To a suspension of the free thiol, Dl (88 mg, 0.105 mmol) and l-((2,5- dioxopyrrolidin-l-yl)oxy)-l-oxo-4-(pyridin-2-yldisulfanyl)butane-2-sulfonic acid (sulfo- SPDB) (64.0 mg, 0.158 mmol) in anhydrous dichloromethane (2.10 mL) was added DIPEA (55.0 mu, 0.315 mmol) under nitrogen at room temperature. The mixture stirred for 16 hours and then l-(2-aminoethyl)-lH-pyrrole-2,5-dione hydrochloride (55.6 mg, 0.315 mmol), anhydrous dichloromethane (1.0 mL) and DIPEA (0.055 mL, 0.315 mmol) were added. The mixture stirred for an additional 5 hours at room temperature upon which the reaction was concentrated in vacuo. The resulting residue was purified by RP-HPLC (CI 8, CH3CN/H2O). Fractions containing desired product were frozen and lyophilized to give maleimide, D4 (20 mg, 16% yield) as a white solid. LCMS = 4.92 min (8 min method). MS (m/z): 1158.6 (M + 1)+.

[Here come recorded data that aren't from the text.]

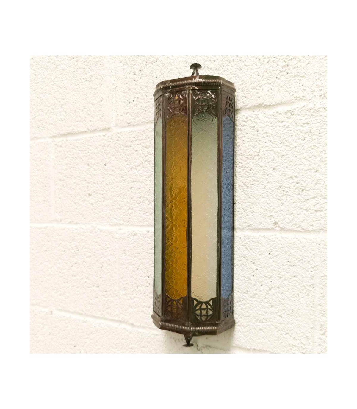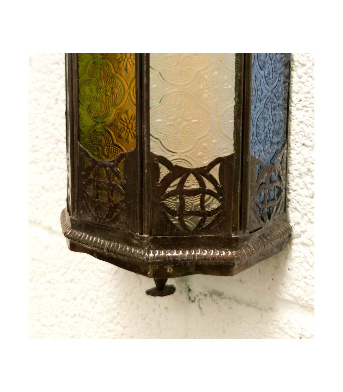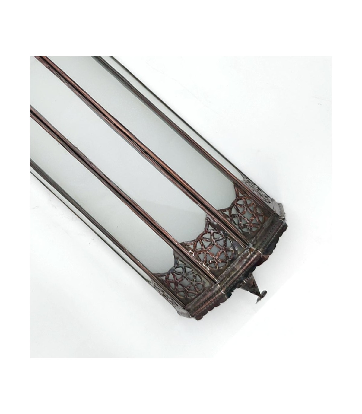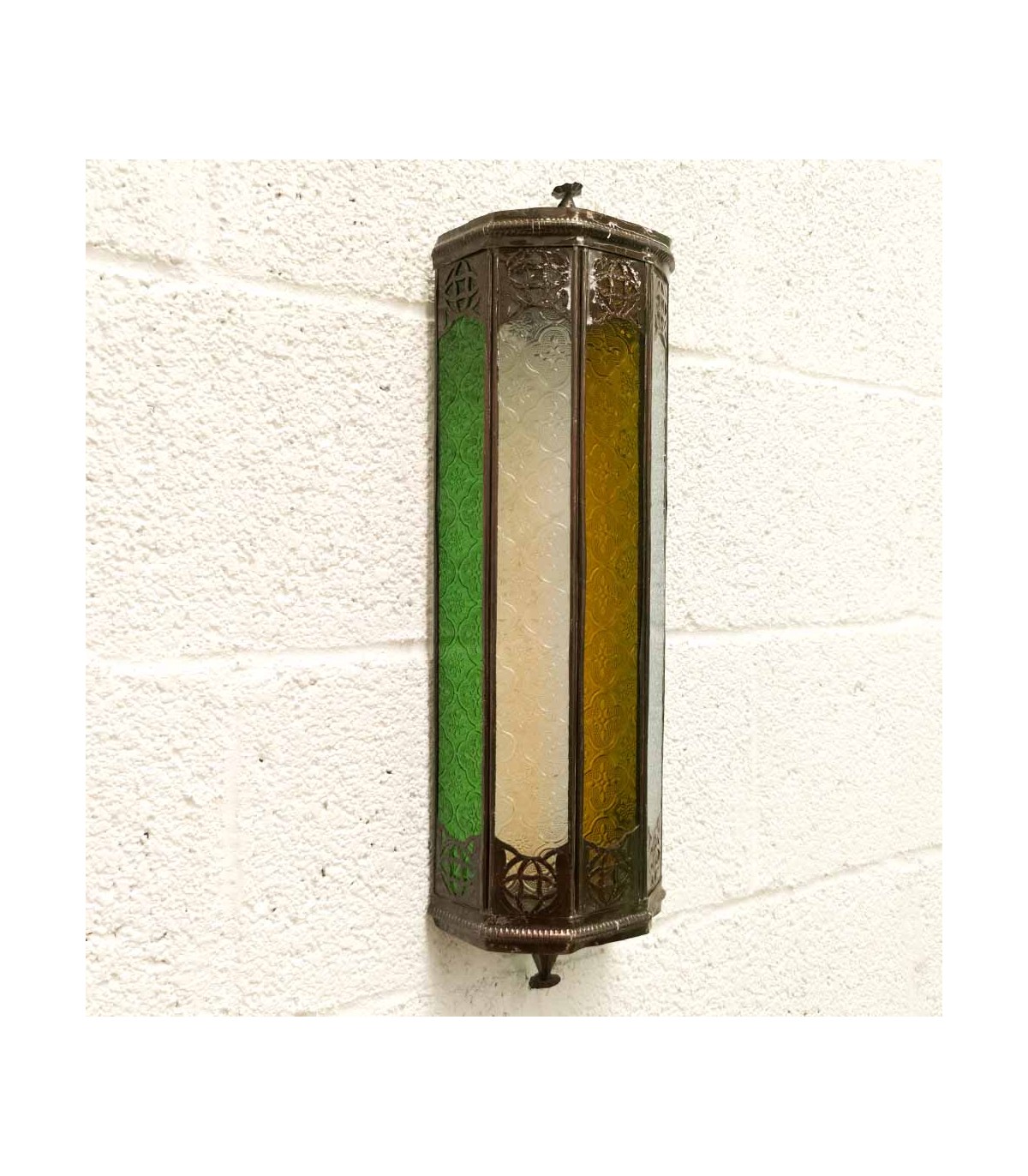 Applicare allungata disponibile in bianco opaco o multicolore (ogni un vetro di colore).Profondità con motivi Arabi.Crea un'atmosfera molto piacevole. Prodotto di grande qualità molto ben rifinito in rame antico.Grazie ai suoi problemi di progettazione
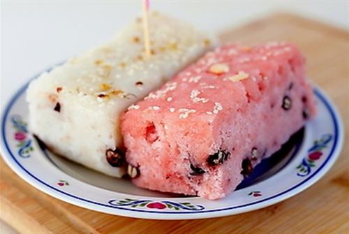 重陽糕亦稱“花糕”,漢族重陽節(jié)食品。流行于全國大部分地區(qū)。蒸重陽糕方法與蒸年糕相同,不過蒸糕要小一點,糕要薄一點。以米粉、豆粉等為原料,發(fā)酵,更點綴以棗、栗、杏仁等果馕、加糖蒸制而成。為了美觀中吃,人們把重陽糕制成五顏六色,還要在糕面上灑上一些木犀花(故重陽糕又叫桂花糕),這樣制成的重陽糕,香甜可口。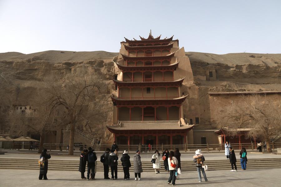 1月14日,游客在甘肅敦煌莫高窟游覽。新華社發(張(zhang)曉亮攝)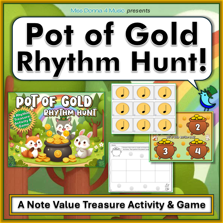 Pot of Gold Rhythm Hunt! This one we’ll do next week and focuses on rhythms and note values. And there are 3 ways to use this resource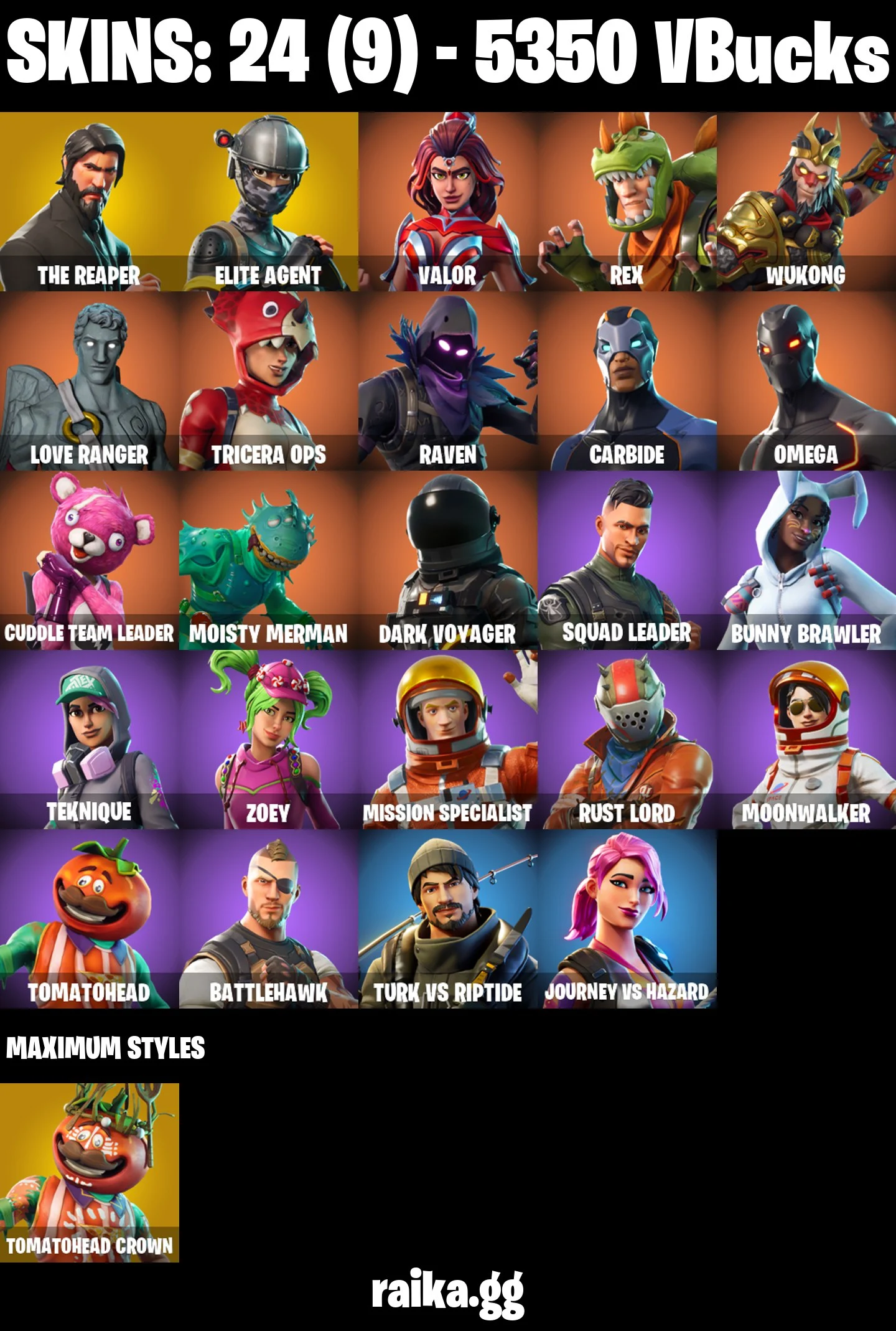 ⭐ Inactive for 4 years | PC/PSN/XBOX | 24 skins | 5350 vbuck | The Reaper | Elite Agent | Valor | Rex | Wukong | Love Ranger | Tricera Ops | Raven | Carbide | Omega | Cuddle Team Leader | 5350 VB

134272-64-3, The synthetic route of 134272-64-3 has been constantly updated, and we look forward to future research findings.

Reference£º
Patent; IMMUNOGEN, INC.; MACROGENICS, INC.; HICKS, Stuart William; YODER, Nicholas C.; BARAT, Bhaswati; BONVINI, Ezio; DIEDRICH, Gundo; JOHNSON, Leslie S.; LOO, Deryk; SCRIBNER, Juniper A.; (260 pag.)WO2018/119196; (2018); A1;,
Pyrroline – Wikipedia
1-Pyrroline | C4H7N – PubChem

With the rapid development and complex challenges of chemical substances, new drug synthesis pathways are usually the most effective.151038-94-7,6-(2,5-Dioxo-2,5-dihydro-1H-pyrrol-1-yl)hexanehydrazide 2,2,2-trifluoroacetate,as a common compound, the synthetic route is as follows.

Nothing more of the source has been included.